His father glanced at him. "God forbid," he said quietly, and relapsed into silence.

"It is my fault," he sighed, "I should have fathomed Grove long ago. Blind, blind! He's eaten up with vanity. Fancies himself a Napoleon on the field of affairs. They've played shrewdly on that. I can see it now. He doesn't realize yet what they've done to him, nor how. He's been bewildered for weeks—and still confident that if he could get enough money he could carry it off. A fool and his money! Power in weak hands. They made a tool of him, a common tool. And we've got to pay through the nose. There's no choice—unless we get down to their level and run to cover like jackals."

"If you have proof of criminal acts, why don't you club them with that; make them disgorge?" Rod asked.

The older man shook his head.

"Only as a last resort. I'm not really sure I could. Moral certainty is not legal proof. There are moneys loaned to companies that are really dummies. It's rather complicated, and they are very clever. I hardly expected to make them contribute funds. The most I hoped for was to frighten them away from a receivership, force them out of the thing quietly. I shrink from a public scandal. They wouldn't, if they felt personally safe. They could make Grove a proper scapegoat. No, I've done the best that can be done."

The machine stopped before the club entrance. They went up to Norquay senior's rooms, and he produced a decanter and glasses and a siphon of soda.

He drained his glass and set it down. He leaned forward in his chair, his elbows on his knees, his face in his hands.

"I have a strange feeling of some crisis at hand," he said gloomily. "I have taken the ultimate precaution. Their game is stopped, I'm sure. Still—I have that uneasy feeling. I'm not a fanciful man. I never took much stock in premonitions.

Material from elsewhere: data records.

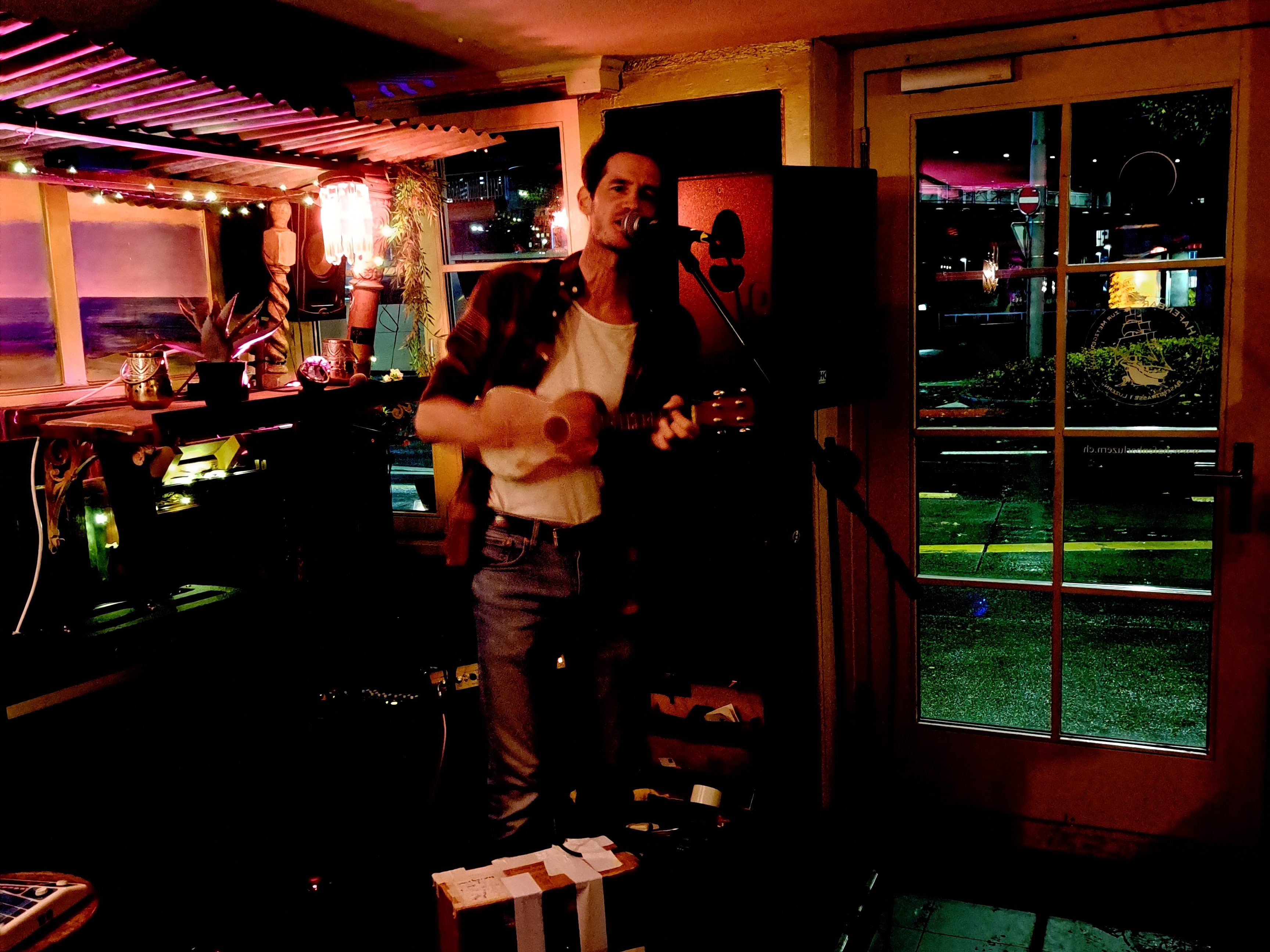 So spielte Müllmaa energisch und bestimmt auf diesen vier Nylon Saiten und sang von Gott und der Welt. Gesellschaftskritisch und inspiriert vom echten Leben präsentierte er lyrische Kreationen, die mit einer solchen Intensität vorgetragen wurden, dass alle im Raum völlig mitgerissen an jeder gesungenen Silbe hingen. Auch wurde das Publikum dazu aufgefordert allfällige Ideen für Songs einfach reinzurufen. Aus diesen Wortfetzen wurden kurzerhand versucht neue Songs zu kreieren sowie nach Tipps fürs Nasenhaar trimmen gefragt.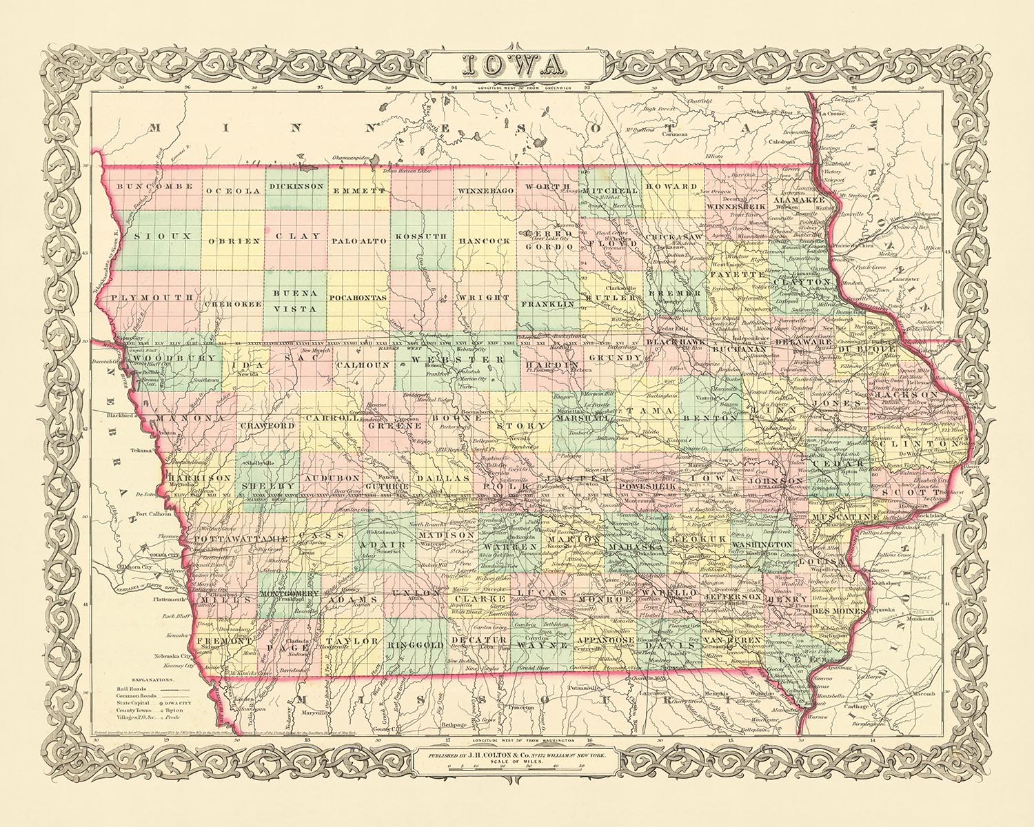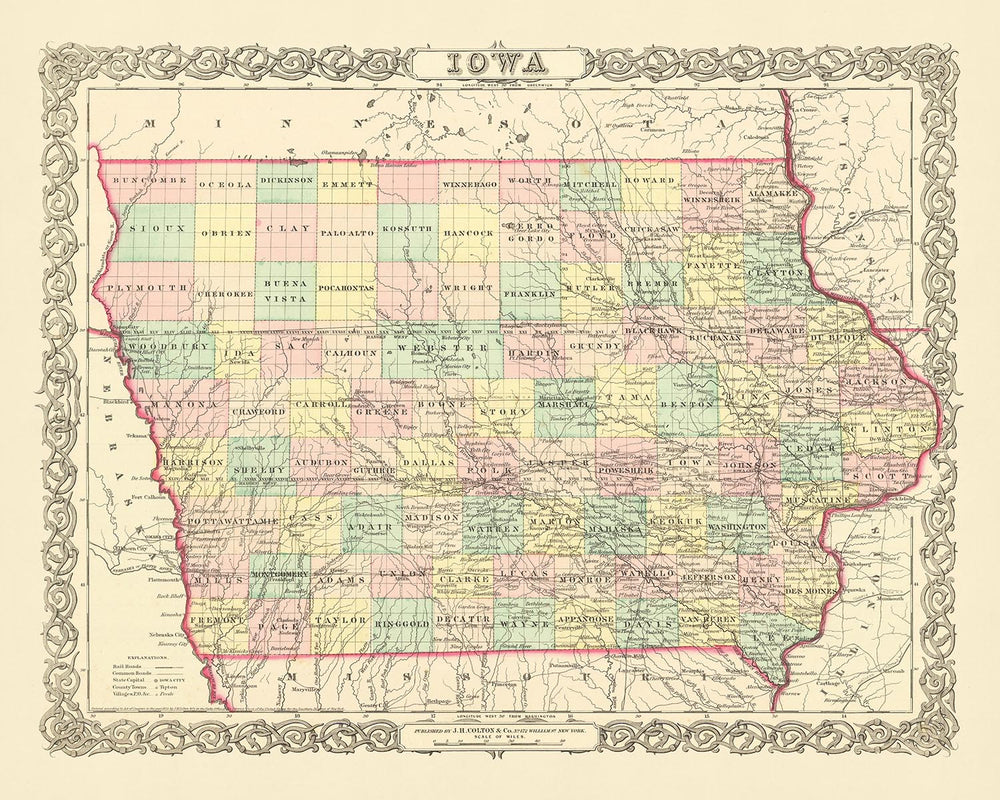 Tauchen Sie ein in die reiche Geschichte der Vereinigten Staaten mit dieser sorgfältig gestalteten alten Karte von Iowa aus dem Jahr 1856, herausgegeben vom angesehenen Kartenmacher JH Colton. Dieses Stück bietet einen einzigartigen Einblick in die Vergangenheit des Landes, zu einer Zeit, als viele Siedlungen noch in den Kinderschuhen steckten und die Grenzen und Namen, die wir heute kennen, sich noch im Entstehen befanden. Diese Karte ist ein Zeugnis der dynamischen Geschichte des Landes und bietet eine Momentaufnahme einer Zeit, die in die Annalen der amerikanischen Geschichte eingebrannt ist.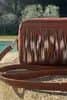 – Front of the bag is made with small leather straps turned over

Childish. Nevertheless—I can depend on you absolutely, Rod? Eh? If anything happens to me you'll see this thing through? Because there's no one else—you understand how I feel about it, don't you?"

"Yes, pater," Rod said quietly. "I understand. But nothing's going to happen to you."

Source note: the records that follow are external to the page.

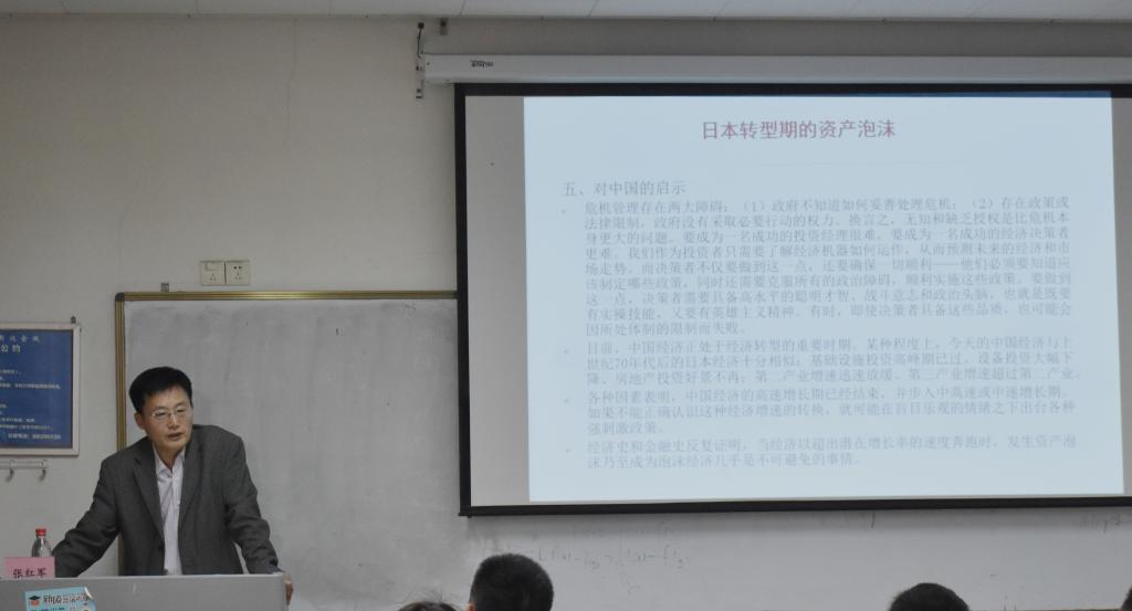 4月13日下午,国元证券股份有限公司投资银行总部总监、注册保荐代表人张红军应探花视频 邀请在燕山校区逸夫楼Y308教室作题为《跨境资本流动、资产/债务泡沫和金融危机》的专题报告。探花视频 副院长、MPAcc中心主任朱德胜出席并主持了报告,探花视频 部分老师和非全日硕士研究生聆听了本次讲座。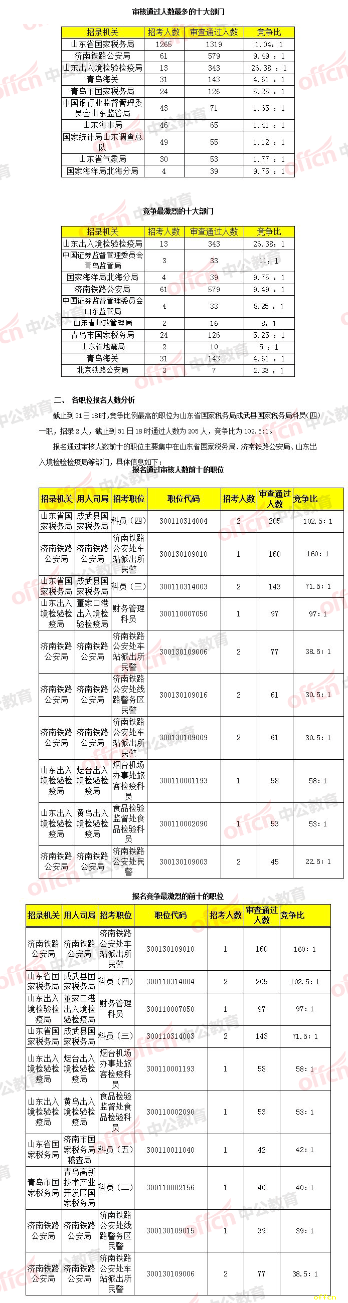 截止到31日18时,通过审核人数前三位的部门依次是:山东省国家税务局、济南铁路公安局、山东出开云官方网页版境检验检疫局,三部门通过审核总人数达2241人,占通过审核总人数的75.7%。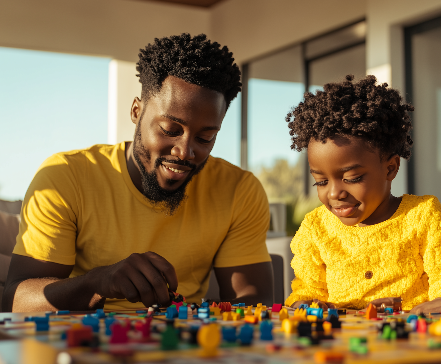 Father and son bonding over a board game, both wearing yellow, in a sunlit room. Joyful expressions and colorful game pieces.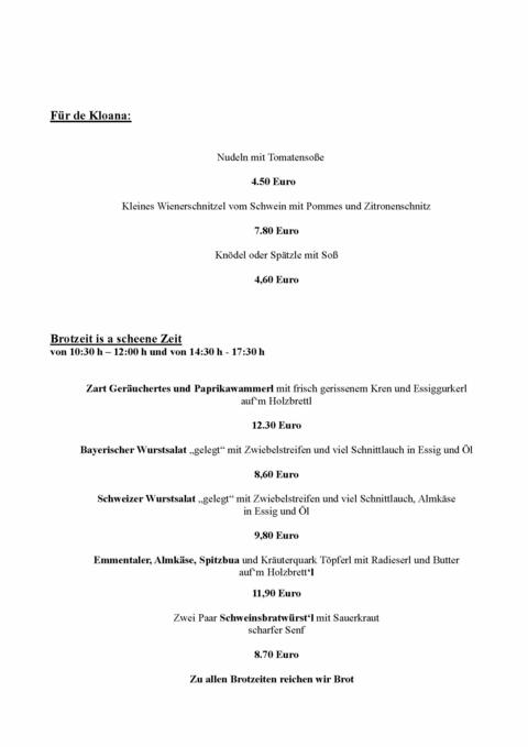 Wir haben für Sie durchgehend geöffnet und bieten Ihnen auch außerhalb unserer Küchenzeit, eine Auswahl an warmen und kalten Brotzeiten.

"I'm an old man," his father said. "I can't stand much strain. What's the time? We'd better be getting back."

Sometime during the luncheon hour the original shareholders and directors of the Norquay Trust Company completed the last task they would ever perform in that capacity at that great table. They took their scowling faces one by one from the room. The final exit was made by John P. Wall, rotund-bellied, imperturbable, unmoved to the last.

He paused in the doorway to relight his cigar.

"Well, Norquay senior," he said casually, "I have to admire your nerve—but your judgment is damn poor. A man may lose his money. Only a bloomin' idiot gives it away."